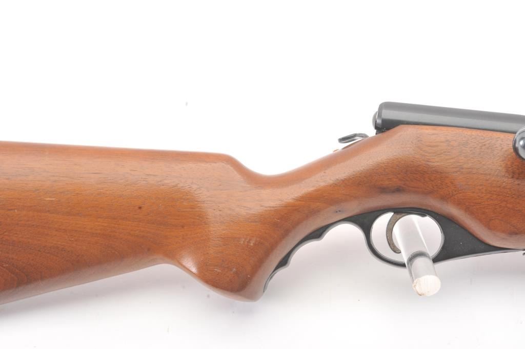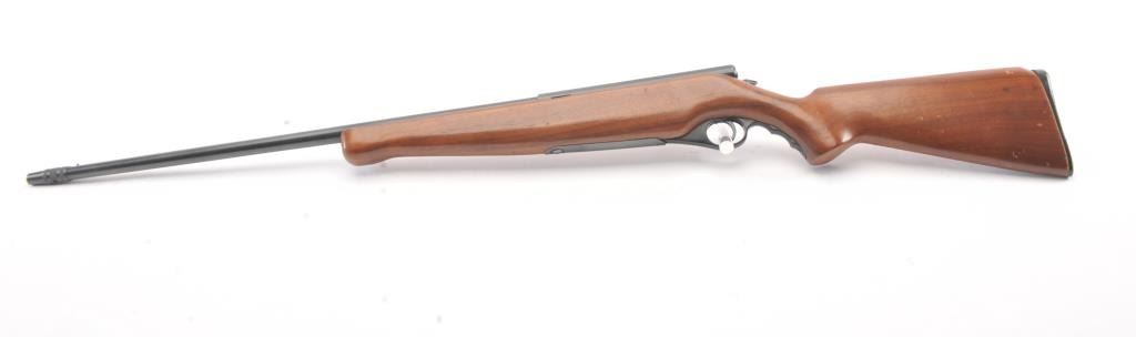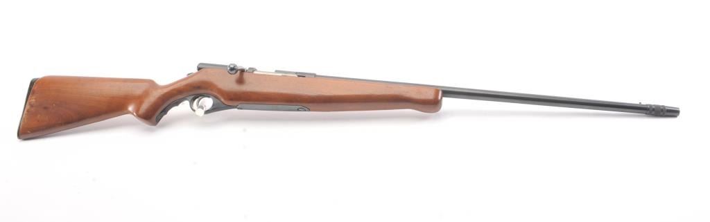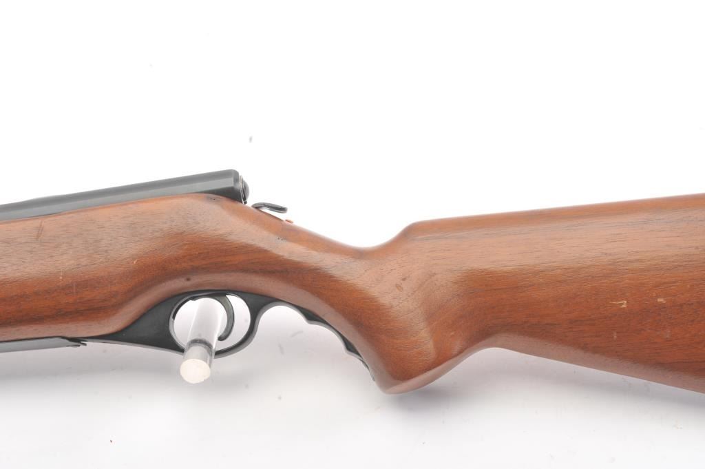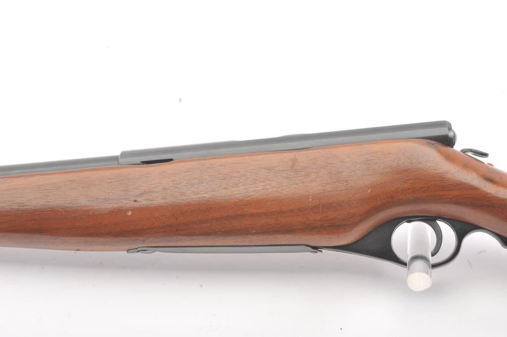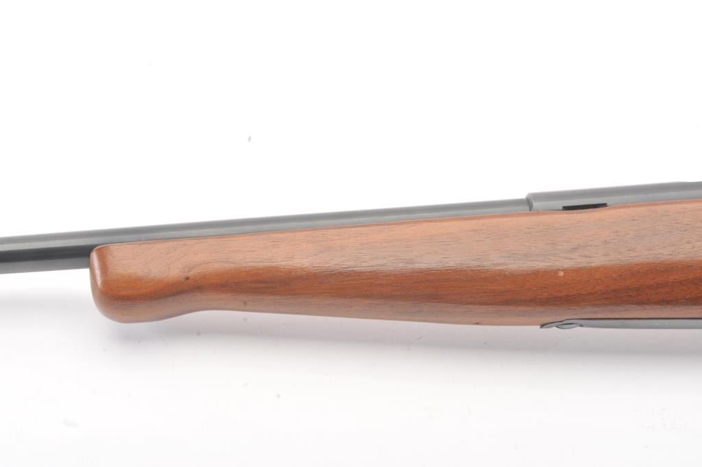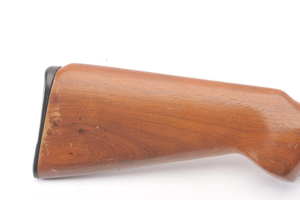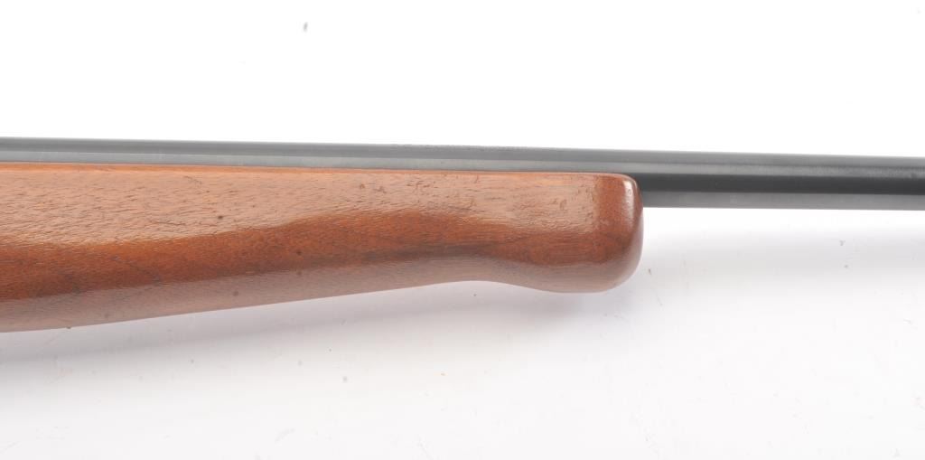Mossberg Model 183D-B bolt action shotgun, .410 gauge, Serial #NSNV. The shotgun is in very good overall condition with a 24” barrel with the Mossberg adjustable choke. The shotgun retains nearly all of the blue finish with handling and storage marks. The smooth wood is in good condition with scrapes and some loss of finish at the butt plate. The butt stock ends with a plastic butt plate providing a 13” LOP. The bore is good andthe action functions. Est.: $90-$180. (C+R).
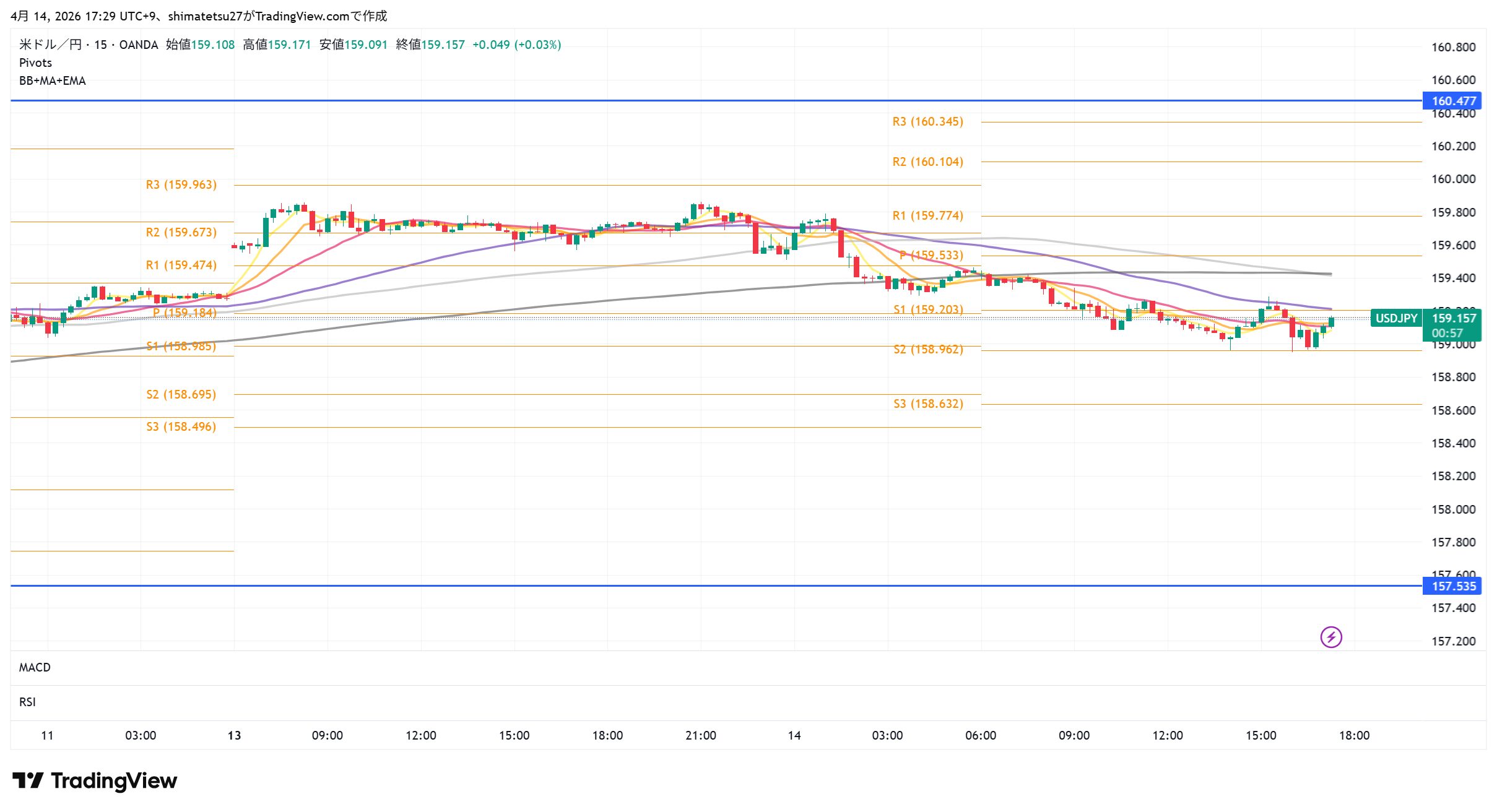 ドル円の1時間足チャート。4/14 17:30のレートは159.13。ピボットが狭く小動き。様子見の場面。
● ● ● ●
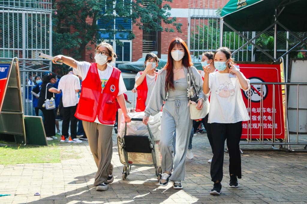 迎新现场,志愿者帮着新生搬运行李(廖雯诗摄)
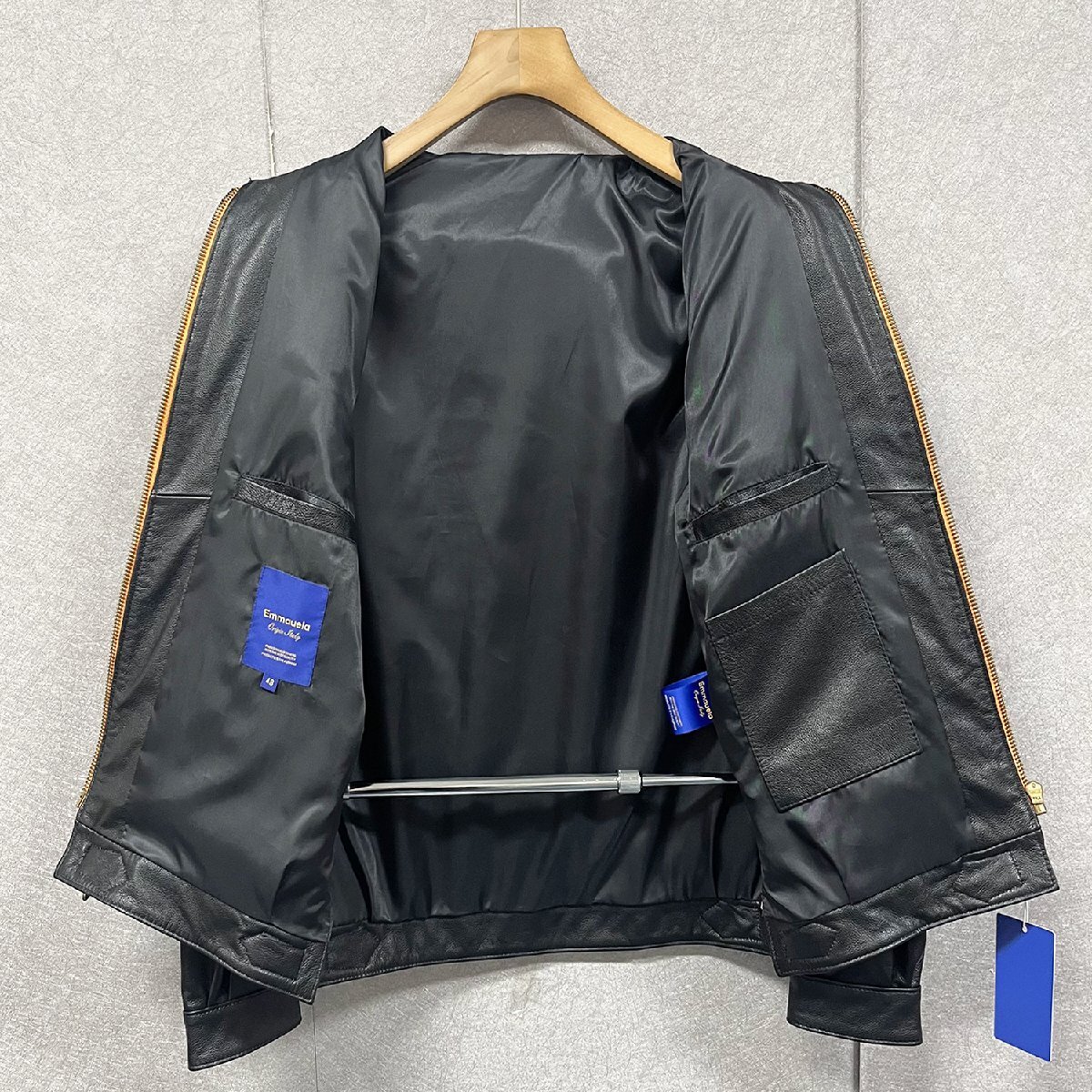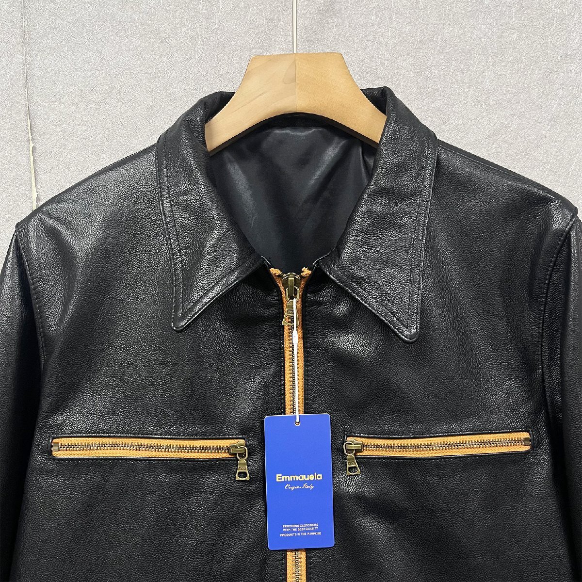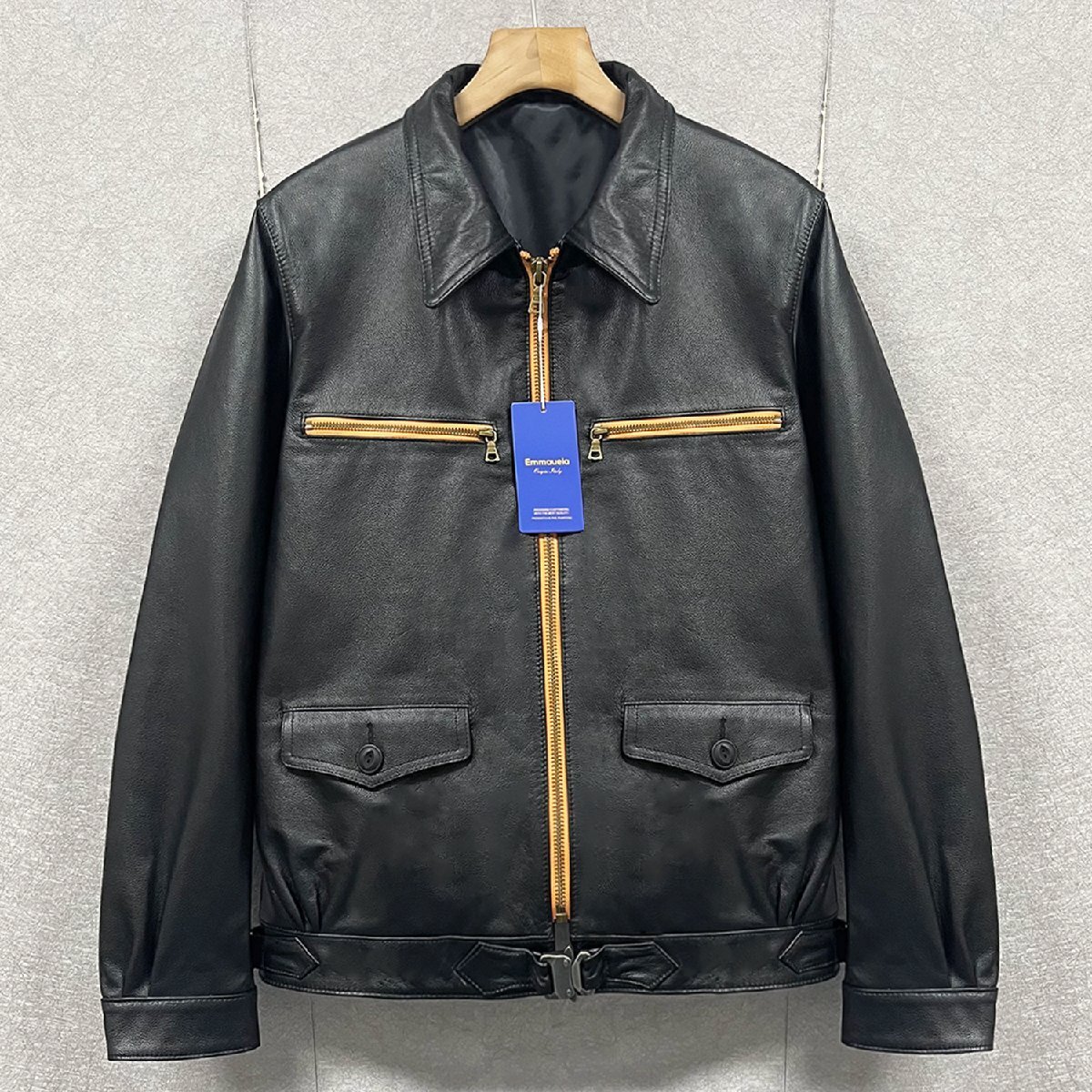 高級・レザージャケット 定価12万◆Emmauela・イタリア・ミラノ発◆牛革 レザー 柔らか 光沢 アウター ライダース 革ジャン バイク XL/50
● ● ● ●
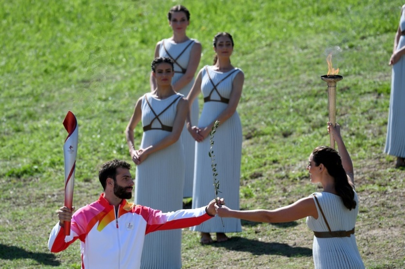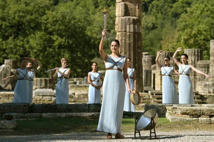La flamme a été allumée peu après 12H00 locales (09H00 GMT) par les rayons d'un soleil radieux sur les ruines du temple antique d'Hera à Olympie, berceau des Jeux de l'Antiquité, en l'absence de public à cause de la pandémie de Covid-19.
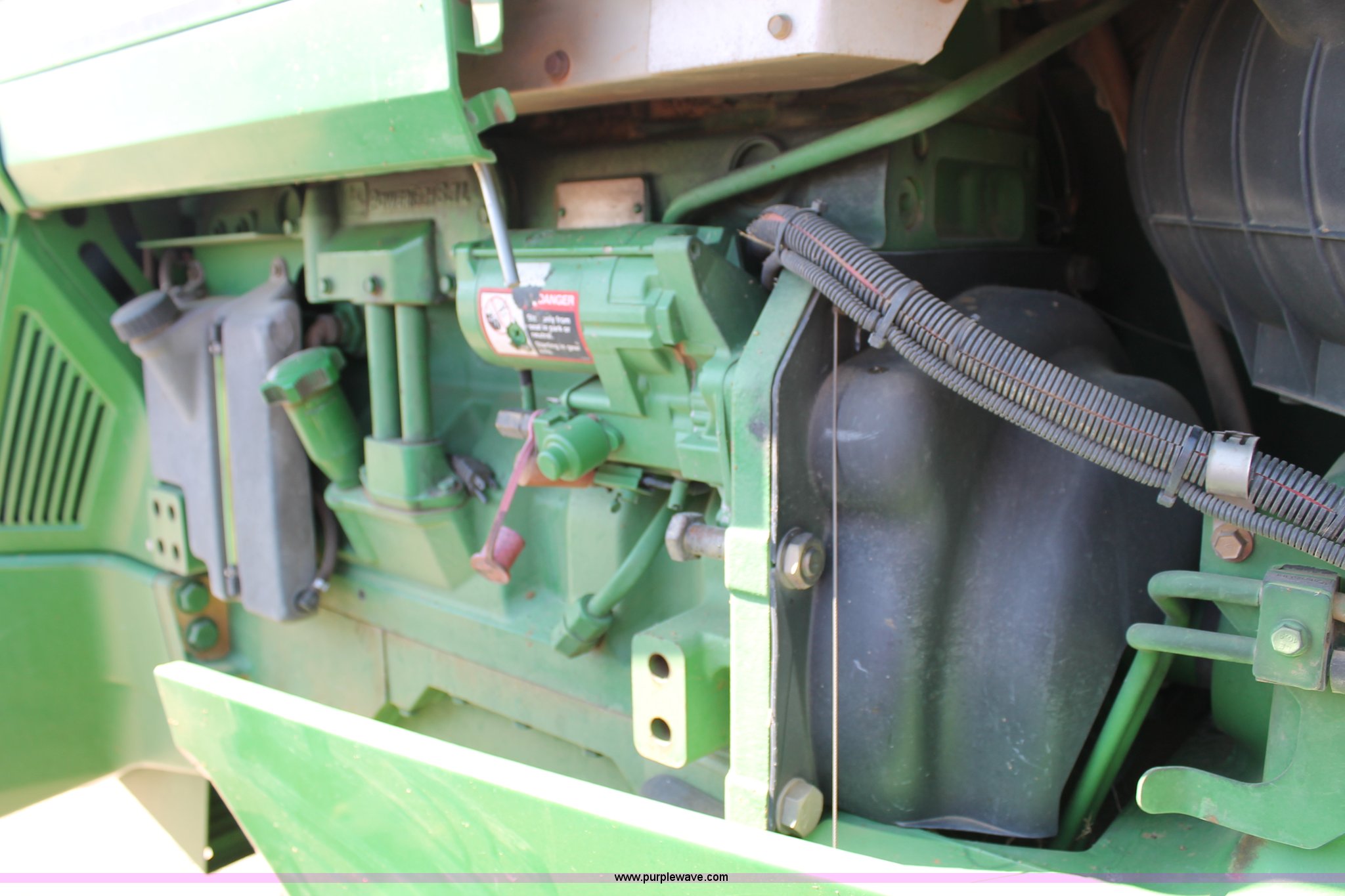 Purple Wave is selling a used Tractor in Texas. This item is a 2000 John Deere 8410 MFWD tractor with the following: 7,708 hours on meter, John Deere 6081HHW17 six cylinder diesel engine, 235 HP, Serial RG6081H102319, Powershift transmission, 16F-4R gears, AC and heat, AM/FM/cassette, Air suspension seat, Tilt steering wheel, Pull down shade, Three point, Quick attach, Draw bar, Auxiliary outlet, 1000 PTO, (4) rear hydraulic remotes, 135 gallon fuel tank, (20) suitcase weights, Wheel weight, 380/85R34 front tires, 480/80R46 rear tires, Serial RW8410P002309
● ● ● ●
About this task –
Reproduce, word for word, everything in the listing above from the line containing "Mossberg Model 183D-B" down to the line containing "ドル円の1時間足チャート。4", both of them included. No pictures.

Expected answer –
Mossberg Model 183D-B bolt action shotgun, .410 gauge, Serial #NSNV. The shotgun is in very good overall condition with a 24” barrel with the Mossberg adjustable choke. The shotgun retains nearly all of the blue finish with handling and storage marks. The smooth wood is in good condition with scrapes and some loss of finish at the butt plate. The butt stock ends with a plastic butt plate providing a 13” LOP. The bore is good andthe action functions. Est.: $90-$180. (C+R).
 ドル円の1時間足チャート。4/14 17:30のレートは159.13。ピボットが狭く小動き。様子見の場面。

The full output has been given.